▸ RECORDED DATA:

□ □ □ □ □

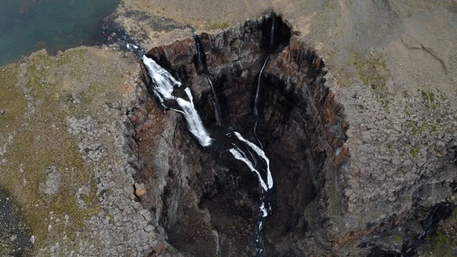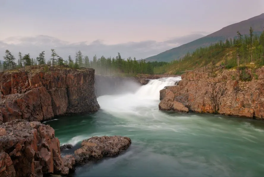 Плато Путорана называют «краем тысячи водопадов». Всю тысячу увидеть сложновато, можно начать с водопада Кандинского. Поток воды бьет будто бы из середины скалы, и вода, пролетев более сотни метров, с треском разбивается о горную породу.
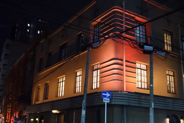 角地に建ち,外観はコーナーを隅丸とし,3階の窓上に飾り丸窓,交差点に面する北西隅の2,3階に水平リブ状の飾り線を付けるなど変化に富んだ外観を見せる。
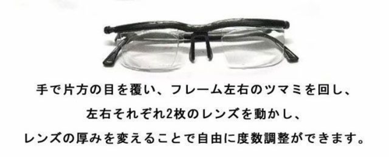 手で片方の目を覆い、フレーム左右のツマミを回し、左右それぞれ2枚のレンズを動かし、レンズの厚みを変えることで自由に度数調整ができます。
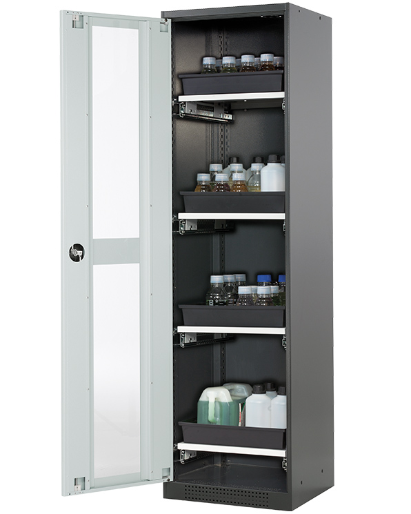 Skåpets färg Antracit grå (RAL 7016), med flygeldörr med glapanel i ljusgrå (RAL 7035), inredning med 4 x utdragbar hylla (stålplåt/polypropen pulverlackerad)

□ □ □ □ □

▸ YOUR ASSIGNMENT: The whole listing is to be duplicated verbatim, apart from its images.

▸ TASK RESULT:
 Плато Путорана называют «краем тысячи водопадов». Всю тысячу увидеть сложновато, можно начать с водопада Кандинского. Поток воды бьет будто бы из середины скалы, и вода, пролетев более сотни метров, с треском разбивается о горную породу.
 角地に建ち,外観はコーナーを隅丸とし,3階の窓上に飾り丸窓,交差点に面する北西隅の2,3階に水平リブ状の飾り線を付けるなど変化に富んだ外観を見せる。
 手で片方の目を覆い、フレーム左右のツマミを回し、左右それぞれ2枚のレンズを動かし、レンズの厚みを変えることで自由に度数調整ができます。
 Skåpets färg Antracit grå (RAL 7016), med flygeldörr med glapanel i ljusgrå (RAL 7035), inredning med 4 x utdragbar hylla (stålplåt/polypropen pulverlackerad)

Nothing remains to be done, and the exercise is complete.